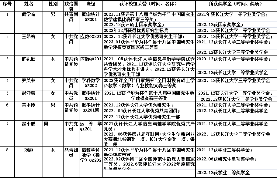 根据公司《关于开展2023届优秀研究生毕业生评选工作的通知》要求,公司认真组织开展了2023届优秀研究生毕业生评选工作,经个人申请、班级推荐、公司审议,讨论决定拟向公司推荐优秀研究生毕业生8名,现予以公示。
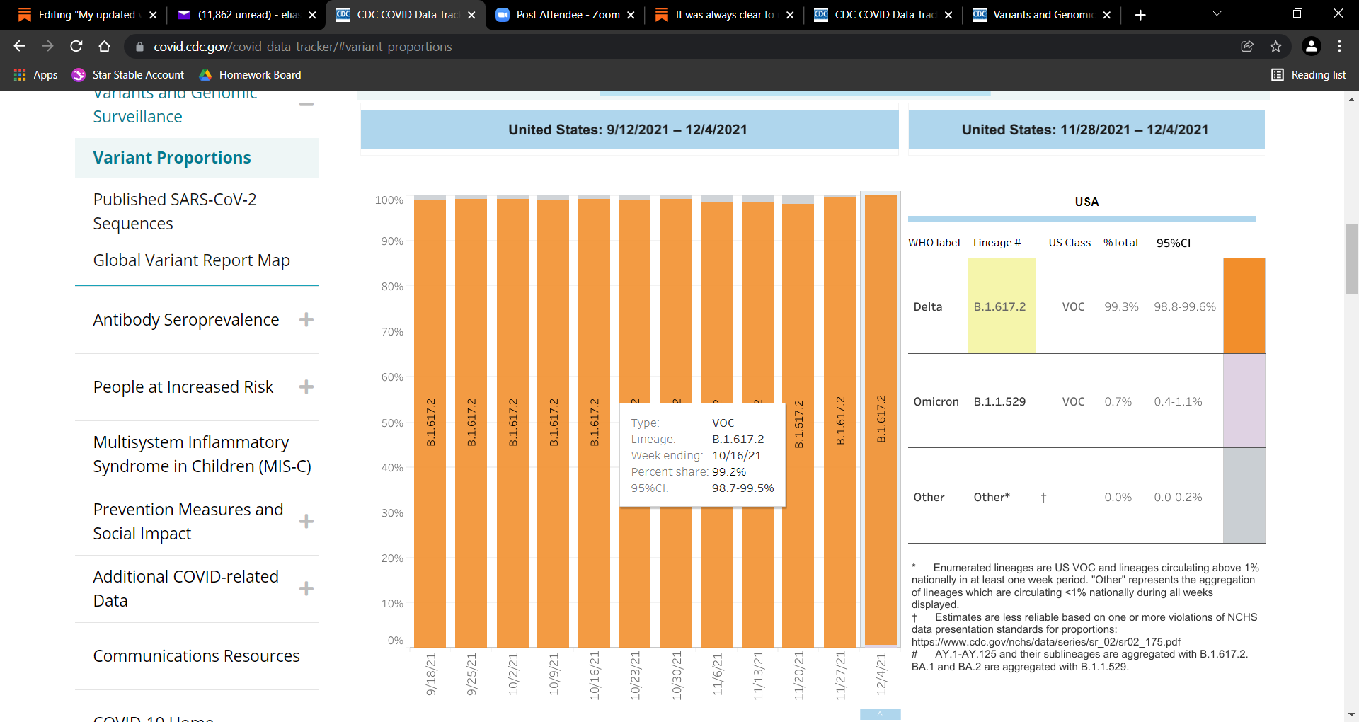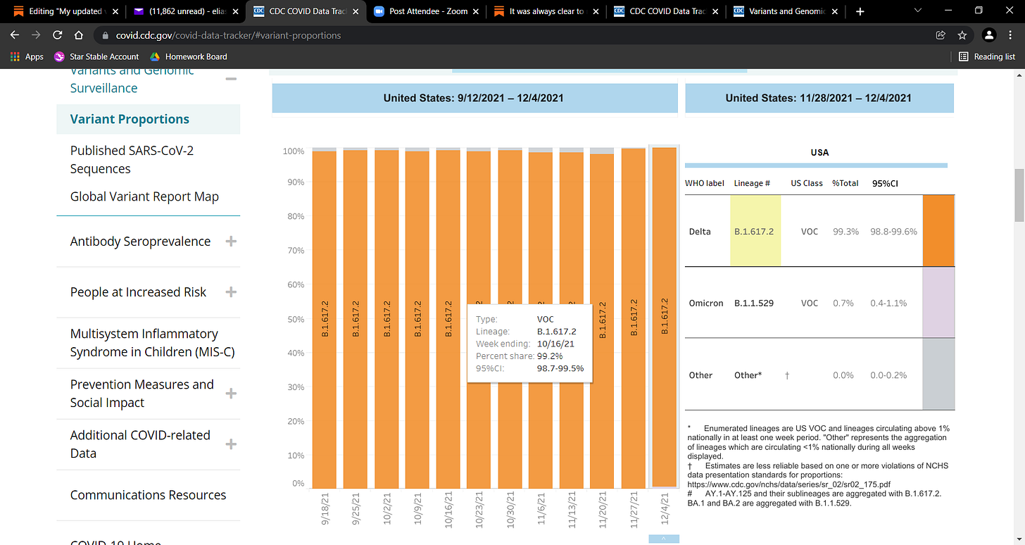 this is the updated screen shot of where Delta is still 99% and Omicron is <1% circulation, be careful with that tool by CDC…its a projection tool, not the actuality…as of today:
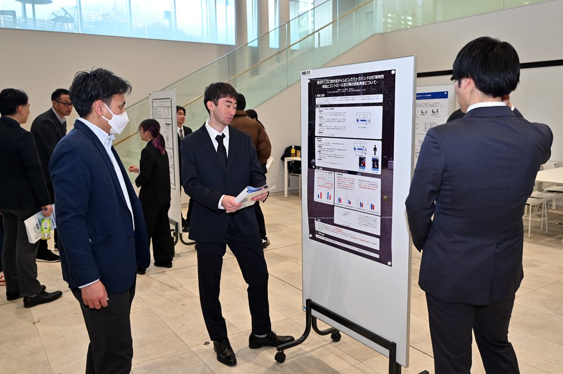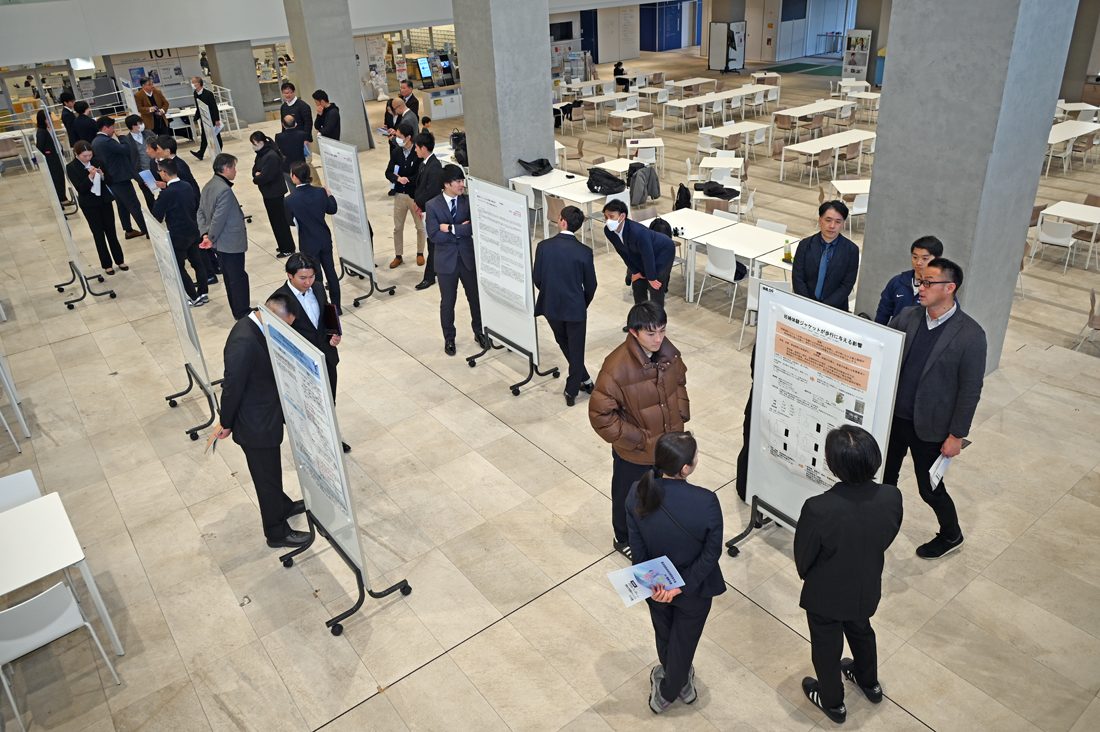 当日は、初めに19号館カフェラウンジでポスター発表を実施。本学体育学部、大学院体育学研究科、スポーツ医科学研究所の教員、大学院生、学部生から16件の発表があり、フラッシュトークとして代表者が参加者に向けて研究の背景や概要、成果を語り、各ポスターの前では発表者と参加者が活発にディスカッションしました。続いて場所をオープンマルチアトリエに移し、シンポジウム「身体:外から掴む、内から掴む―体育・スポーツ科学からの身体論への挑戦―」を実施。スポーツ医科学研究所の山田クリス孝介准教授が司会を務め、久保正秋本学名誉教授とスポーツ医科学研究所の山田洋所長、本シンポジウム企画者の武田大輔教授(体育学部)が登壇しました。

******

PROBLEM DETAILS - Would you write out all of the data exactly as it stands, without the pictures?

RESPONSE -
 根据公司《关于开展2023届优秀研究生毕业生评选工作的通知》要求,公司认真组织开展了2023届优秀研究生毕业生评选工作,经个人申请、班级推荐、公司审议,讨论决定拟向公司推荐优秀研究生毕业生8名,现予以公示。
 this is the updated screen shot of where Delta is still 99% and Omicron is <1% circulation, be careful with that tool by CDC…its a projection tool, not the actuality…as of today:
 当日は、初めに19号館カフェラウンジでポスター発表を実施。本学体育学部、大学院体育学研究科、スポーツ医科学研究所の教員、大学院生、学部生から16件の発表があり、フラッシュトークとして代表者が参加者に向けて研究の背景や概要、成果を語り、各ポスターの前では発表者と参加者が活発にディスカッションしました。続いて場所をオープンマルチアトリエに移し、シンポジウム「身体:外から掴む、内から掴む―体育・スポーツ科学からの身体論への挑戦―」を実施。スポーツ医科学研究所の山田クリス孝介准教授が司会を務め、久保正秋本学名誉教授とスポーツ医科学研究所の山田洋所長、本シンポジウム企画者の武田大輔教授(体育学部)が登壇しました。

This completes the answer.